December 15, 2019
One small thread in the tapestry God is weaving
In the holy Christmas season Mary, the mother of Jesus, gets most of the attention. She deserves it. Her beautiful faith in God’s plan of salvation shines like a light penetrating the world’s darkness. Her unflinching obedience to God remains the example of the ages for believers.
But let’s not overlook Joseph. He deserves some attention for he also is a model for Christ followers. His situation is unique but his opportunity to obey God is universal. The eternal destiny of every person is caught up in one’s willingness to trust and obey God.
In his Gospel, Matthew tells us that Joseph received his instructions from an angel in a dream. Lesser men might have dismissed the advice. Joseph, however, obeyed the angel, doing what he believed God wanted him to do. He gave up his plan to end his commitment to Mary; instead he brought her into his home and cared for her.
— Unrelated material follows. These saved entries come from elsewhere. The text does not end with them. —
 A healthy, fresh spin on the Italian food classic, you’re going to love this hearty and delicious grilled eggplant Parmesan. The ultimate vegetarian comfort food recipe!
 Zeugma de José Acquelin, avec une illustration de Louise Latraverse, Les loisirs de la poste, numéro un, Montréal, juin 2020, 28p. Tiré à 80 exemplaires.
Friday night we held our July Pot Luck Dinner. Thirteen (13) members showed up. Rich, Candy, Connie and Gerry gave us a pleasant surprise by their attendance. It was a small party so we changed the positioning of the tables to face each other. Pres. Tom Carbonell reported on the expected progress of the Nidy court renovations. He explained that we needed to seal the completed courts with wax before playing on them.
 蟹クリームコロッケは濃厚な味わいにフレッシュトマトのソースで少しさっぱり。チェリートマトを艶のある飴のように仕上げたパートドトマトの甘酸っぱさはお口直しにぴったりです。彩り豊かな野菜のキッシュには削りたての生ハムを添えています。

Our own plans involve pride. We believe we know what is best. We need no one’s counsel, much less the counsel of God. We want to be able to say, “I did it my way.” So God tests our faith every time he says, “Do it my way, not your way. My way is best, even though you may not understand it.”
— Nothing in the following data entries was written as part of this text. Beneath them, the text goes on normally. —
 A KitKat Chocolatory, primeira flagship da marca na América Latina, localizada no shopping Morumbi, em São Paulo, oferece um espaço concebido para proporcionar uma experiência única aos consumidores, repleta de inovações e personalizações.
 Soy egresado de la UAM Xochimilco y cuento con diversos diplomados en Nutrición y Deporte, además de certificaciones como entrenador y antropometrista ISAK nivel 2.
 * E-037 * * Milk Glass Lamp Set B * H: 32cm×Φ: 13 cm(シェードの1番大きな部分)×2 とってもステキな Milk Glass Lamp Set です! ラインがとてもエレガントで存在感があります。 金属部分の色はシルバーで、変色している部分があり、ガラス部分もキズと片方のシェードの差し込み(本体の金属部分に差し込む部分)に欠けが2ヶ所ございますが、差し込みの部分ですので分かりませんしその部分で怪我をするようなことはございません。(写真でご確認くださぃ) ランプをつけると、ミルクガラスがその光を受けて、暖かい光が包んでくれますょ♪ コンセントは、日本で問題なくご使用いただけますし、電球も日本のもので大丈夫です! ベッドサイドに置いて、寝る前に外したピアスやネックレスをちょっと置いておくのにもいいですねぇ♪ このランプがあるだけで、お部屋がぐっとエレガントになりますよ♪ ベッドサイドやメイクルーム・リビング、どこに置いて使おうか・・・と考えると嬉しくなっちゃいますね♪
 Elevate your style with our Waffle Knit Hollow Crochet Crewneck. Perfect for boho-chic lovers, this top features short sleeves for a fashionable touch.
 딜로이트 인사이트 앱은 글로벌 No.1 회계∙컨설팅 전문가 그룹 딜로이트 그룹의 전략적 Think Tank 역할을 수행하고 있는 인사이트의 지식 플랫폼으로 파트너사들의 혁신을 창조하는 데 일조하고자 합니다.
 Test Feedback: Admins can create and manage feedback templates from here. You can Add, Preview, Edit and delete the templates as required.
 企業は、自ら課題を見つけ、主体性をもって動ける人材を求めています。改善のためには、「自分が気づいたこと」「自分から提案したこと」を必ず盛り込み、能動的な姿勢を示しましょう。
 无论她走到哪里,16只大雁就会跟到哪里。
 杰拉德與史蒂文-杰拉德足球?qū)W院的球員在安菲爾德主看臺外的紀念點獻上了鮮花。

We should not expect Joseph is comprehend how this infant would “save his people from their sins.” Nevertheless, he follows instructions and names the baby Jesus, thus embracing his role in the miraculous birth. Simply put, he obeyed God.
Few of us comprehend all that God is doing in the events of our lives. God does not require that we understand. He does require obedience. He required it of Joseph and he requires it of us today. Joseph was an ordinary man called to serve God. God still calls ordinary people to do what he asks them to do. And each of us must decide whether we will live life God’s way or our way.
The flight from Bethlehem into Egypt is another example of Joseph’s obedience. Once again his instructions come from an angel in a dream. Joseph must act quickly to save Jesus from death at the hands of wicked Herod the Great. Losing no time, Joseph leaves in the night and escorts his little family to safety in Egypt.
After some time had passed, the angel is busy again, instructing Joseph to take Mary and Jesus into Israel. Those who wished to kill Jesus are now dead. So Joseph carries out his orders, taking Mary and Jesus back to their home in Nazareth.
The scriptures tell us little of what transpired during Jesus’ childhood. We may assume that Mary and Joseph taught Jesus, and their other children, how to love and honor God as they grew up in the humble home of a carpenter. We can imagine Jesus learning patience in the skill of carpentry as he assisted in constructing fine oxen yokes.
Joseph was not a prominent man. He was an ordinary man. This should get our attention for the Bible shows us that God chooses common people to do his will. He calls people in different ways. Sometimes he has used angels, sometimes dreams. And what He once did, he can do again, if he chooses. But his methods are limitless. He can reach the heart of a man or a woman by a thousand stairways.
Joseph is an example of how we can respond to God. God may speak to us in many ways: through the scriptures, a sermon, circumstances, the words of a trusted friend or the Inner Voice. When he speaks, we can listen and obey. What he asks of us are usually not impressive things but little things, simple things. We need not grasp “the big picture.” It will be enough simply to embrace the tasks at hand and do what He asks us to do. To use the words of Mother Teresa, we can do “small things with great love.” When we do that, not caring who gets the credit, God’s work is done in God’s way to God’s glory.
God used the ordinary man Joseph to help the world see Jesus. In these days God wants to use our quiet, humble deeds of love and kindness to show Jesus to the world. People can see Jesus in our ordinary, everyday lives, when we do our best to follow the directions God has given us for living. They will see Jesus when we forgive one another, when we are kind rather than mean, and when we share what we have with the least of our brethren.
No task is small in the eyes of God. No duty God assigns is insignificant. In the grand scheme of things, God will take the obedience of ordinary people and knit it into something beautiful. My obedience, your obedience, can become one small thread in the exquisite tapestry God is weaving with our lives. Join me then in giving thanks for Joseph’s example.